Managing Containers

Overview

 

Kubernetes is a very popular and powerful tool harnessing containers to run jobs. These containers are normally unique to a specific application and are created and stored ‘in-house’ by organisations, so making sure that the correct container is used to run the correct job is always important.

After all what would happen if the container used to run a job introduced issues or was compromised?

During a recent client engagement to deliver a strategic digital container platform on a global scale, this requirement was surfaced – how do we identify, report and manage container-level vulnerabilities within the applications deployed on the new platform?

Being the first platform of its type in the customer organisation, no guidelines or patterns existed for the use of application containers, meaning the required solution would also form the basis for the enablement and development of the organisation’s wider AWS container security patterns.  Due to the nature of the customer (highly regulated), any solution developed also included the requirement to provide segregation of platform roles and responsibilities, including the enforcement of controls around deployment, promotion and acceptance of images.

Aside from the technical challenges to delivering such a tool, one of its main goals would also be to enable the wider adoption and accelerate migration on to the new strategic container platform through developer focused workflows and early development lifecycle feedback, increasing developer productivity, application quality and the security of the platform as whole.

The solution

 

Working with the client’s security, compliance and development teams, we designed, developed and implemented an AWS based, cloud-first solution, known affectionately as ‘Maria’.

The solution operates as a centralised container storage and scanning solution, extending the standard AWS ECR service to provide a multi-tenanted, application-agnostic platform.

Key features of the solution include:

  • CI/CD driven user workflows for automated image scanning, reporting and promotion
  • Segregation of scanned, approved images, distinct from unscanned or rejected images
  • Enforced controls around the deployment of images into environments based on scan result criteria
  • Centralised vulnerability policy creation and management
  • Integration into pre-existing customer-specific reporting and management tools

From a consumer perspective, the solution offers the following interactions:

  • Application developers are able to push their images to a central ECR location and benefit from automated scanning, reporting and image promotion or rejection based on criteria defined and managed by the organisation’s cyber security function. Provided Jenkins libraries, Terraform modules and well-defined documentation improve the developer experience by enabling CI/CD of images through the image scanning processes, and providing off-the-shelf infrastructure templates to reduce the time-to-start of application teams.
  • Business consumers are able to view, filter and report on the security standpoint and state of vulnerability compliance for all application containers and teams.
  • Security teams are able to define, manage and enforce policies for the acceptance and categorisation of vulnerabilities. Vulnerabilities can be managed and either accepted or rejected at an organisation or team level.

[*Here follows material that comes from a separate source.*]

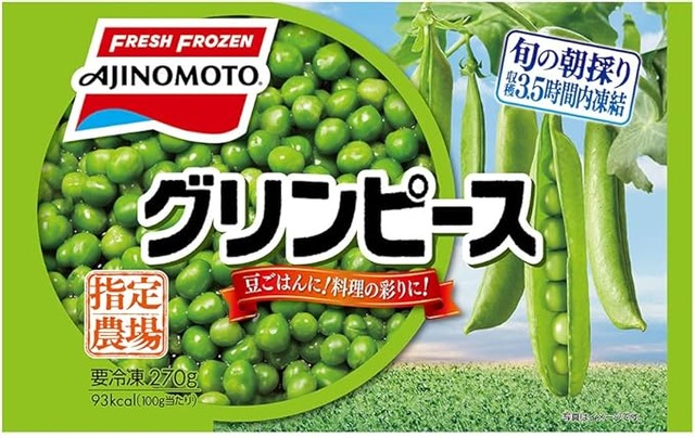 旬の時期の朝に収穫したグリンピースに限定し、収穫後3.5時間以内に急速凍結。やさしいお豆の甘みが味わえます 。

We also needed to develop and codify the AWS ECR security patterns to ensure the solution was compliant from the outset, and that the standards and processes defined for the centralised solution were also implemented consistently across the global developer community.

How does it work?

 

The solution operates from a central AWS ‘solution’ account that application teams interact with.  Within the account, workflow services are provided such that pushing an image automatically triggers the required actions.  Segregation of images is provided so that consumers may only push to “unscanned” repositories, with the system automatically promoting any approved images to “scanned” repositories, which can only ever be read from.

Workflow orchestration is provided through AWS Lambda functions, in combination with CloudWatch Event RulesSNS and SQS for message queueing.

Scanning services are provided through the deployment of Aqua Cloud Native Security Platform (CSP).  This tool is deployed within the solution account inside a private EKS cluster.  The dashboard interface provided by Aqua CSP allows development teams to search, report and export the state of the recorded image scans and for security teams to manage vulnerability policies.

In the event of an image push, the scanning workflows orchestrate ad-hoc Kubernetes jobs within the EKS cluster, scanning the image within an ephemeral scan container.

These scan jobs are monitored by the workflow processes, which further orchestrate ephemeral image promotion jobs to move the image from “unscanned” to “scanned” in the event of success or reject the image in the event of a scan failure.

Throughout the process, SNS event notifications are generated at key events, notifying the consuming team and pipeline processes of events within the system, including scan acceptance, completion, promotion or rejection.

Results from the scans are written to HTML reports and persisted to S3 objects which are shared with the originating consumers, as well as being made available in the Aqua CSP dashboard for security and business users to investigate.  All events, actions, scan results and responses are also logged to DynamoDB audit tables which are used for integration with pre-existing customer security tools.

The Results?

 

  • A conduit from pipeline to cluster that gives us a level of confidence that what we’re putting into the cluster is what we wanted it to be in the first place
  • Great developer feedback, and the pattern is currently being further developed for use across multiple cloud providers.